Так думал я. Хлопцам просто погреться хотелось, перекусить. Ну, и меня им, конечно, было жалко.
Я не настолько, однако, раскис. Слезши с коня, я первый подошел к темному окну и постучал в стекло. Ни звука, ни шелеста. Может быть, я не слышу? Постучал еще. Тут и Щерба мне помог, тряхнув всю раму своим кулачищем.
— Идет! — крикнул он, наклонившись ко мне. Крикнул громче, чем надо, потому что здесь, за ветром, было тише.
Мы жили по законам своего времени, и мысли о том, вежливо-невежливо вот так колотить среди ночи в чужое окно, не было. Мы даже разозлились и имели право на эту злость. Может, здесь тоже отлеживается какой-нибудь тепленький, непуганый муж или нейтральный, чистенький свекор… Подумаешь, нарушили его покой!.. Еще и прикидывается, байбак, что спит.

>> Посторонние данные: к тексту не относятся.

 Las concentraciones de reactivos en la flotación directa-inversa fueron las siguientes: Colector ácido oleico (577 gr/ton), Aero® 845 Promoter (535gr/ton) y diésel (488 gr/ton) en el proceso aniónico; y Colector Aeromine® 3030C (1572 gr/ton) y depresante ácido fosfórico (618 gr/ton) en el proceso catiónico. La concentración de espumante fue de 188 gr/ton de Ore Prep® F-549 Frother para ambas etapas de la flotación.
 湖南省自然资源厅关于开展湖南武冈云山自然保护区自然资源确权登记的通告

Я стоял у самой двери, слышал уже, что за нею кто-то шарит рукой по доскам, нащупывая засов. Я держал перед собой… да нет, не автомат, а фонарик, пока не включенный. Засов наконец отодвинулся, щелкнула клямка, и дверь отворилась.
Вспыхнул фонарик.
Я заранее представил себе этот момент (в моем состоянии естественно было это себе представить), как увижу уже не заспанное, уже испуганное лицо хуторянина, который тут-то и отдаст свою дань, внесет свой великий вклад во всенародную борьбу — отпустит нам полчасика домашнего тепла, чего-нибудь поесть и одному чем-нибудь подлечиться. Уж вы извините, что мы полюбуемся вами вот так, на виду!..
Но в луче фонарика стояла за порогом светлая, в одной рубашонке девочка лет десяти. Ослепленная лучом, она закрылась левой рукой, прижав запястье ко лбу, и из-под руки, мигая, глядела на нас.
— Кто еще дома?
— Я и Толик. Мама к тетке Ганне пошла, а то она хворая.

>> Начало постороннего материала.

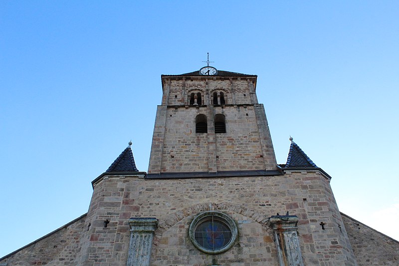 L'église Saint-Jean‑Baptiste de Tramayes se situe sur la commune de Tramayes, en Saône‑et‑Loire, en région Bourgogne‑Franche‑Comté. L'édifice a été bâti aux XIe et XIIe siècles. La nef et le chœur ont toutefois été dévastés en 1793, pendant la Révolution, et de l'ancienne église romane il ne subsiste que le clocher, dont la construction remonte aux années 1100‑1200. Le reste de l'édifice a été reconstruit en 1846. En 1845, pour répondre à l'augmentation de la population et au développement économique du canton dont Tramayes était le chef‑lieu, l'église fut agrandie et inversée : l'abside fut démolie et un portail surmonté d'un oculus aménagé dans l'arc triomphal. La nouvelle façade est dominée par le clocher roman, devenu clocher‑porche, et épaulée par deux tourelles d'escalier. L'édifice a été inscrit au titre des monuments historiques par décret du 16 octobre 1930. L'intérêt principal de l'église réside dans son clocher de plan barlong à deux étages, appartenant à l'art roman et orné de colonnes et de pilastres. Il est séparé en deux niveaux par un cordon porté par des modillons nus et a conservé deux chapiteaux : des rangs de palmes au sud et des lions affrontés sur corbeille au nord. Le clocher a été restauré en 1998 à l'initiative de l'Association pour la sauvegarde du patrimoine de Tramayes, créée en 1996, avec le soutien de la commune. Il abrite trois cloches : la plus ancienne date du siècle de Louis XIV et la plus récente du tout début de la Troisième République. Le bourdon, qui pèse 1,7 tonne avec son battant, date du Second Empire et provient de la basilique Saint‑Martin d'Ainay à Lyon, qui désirait s'en dessaisir. Le chœur conserve un maître‑autel trapézoïdal en marbre blanc, orné d'une marqueterie colorée. L'église, consacrée, relève du diocèse d'Autun et dépend de la paroisse Saints‑Apôtres‑en‑Haut‑Clunisois, dont le siège est à Trambly ; elle est affectataire au titre de la loi de 1905 et sert de lieu de culte catholique.

— Почему не открывала?.. Батька где?
Девочка отняла ото лба левую руку, открыла лицо, а правой со странной для этого возраста — не то чтоб от бабули перенятой, а какой-то старушечьей от себя, — величайшей, может быть, последней в жизни серьезностью размашисто перекрестилась.
— Воймяца, и сына, и святого духа, аминь. Дядечки, ей-богу же, не слышала. А таты у нас давно нету. Еще с польской войны.
Это было так страшно… Нет, так необычно и неожиданно, и это так перевернуло всего меня, что я… чуть не всхлипнул.
— Ты запирайся. Ну! Беги на печь. К Толику.
Фонарик погас.
Дверь затворилась. Снова брякнул железом засов.
Мы молча сели и поехали.
…Уже не однажды за двадцать лет мог бы я свернуть с большака на этот хутор — поглядеть, что выросло из нее, той маленькой женщины. Неужто же она, став женой и хозяйкой, так прижилась здесь, что никак не хочет перебраться ни в городок, ни в Мокрое? А может быть, кто-нибудь давно уже завез ее в далекое замужье — далекое по-нынешнему, не в третью деревню, а за тысячи три километров…
Я мог бы, разумеется, зайти, поглядеть, а не то и вспомнить вместе. Да не зашел. И не зайду. Не хочу.
Пускай она стоит в моей памяти такой, как была, — в белой студеной мгле, в ярком кругу света, в короткой льняной рубашонке…
Только пускай не боится нас, тех, что и в завируху не спят из-за нее, ради таких, как она.
Я не успел ей это сказать: ребенку было холодно.
Глядите на траву
На солнечно-искристом снежном сугробе сидит и время от времени гавкает щенок. За ним, поодаль и как бы в яме, виден серый треугольник торца одинокого на пустой усадьбе погреба. Над погребом — солнце. То, что лишь светит и не поднимается высоко.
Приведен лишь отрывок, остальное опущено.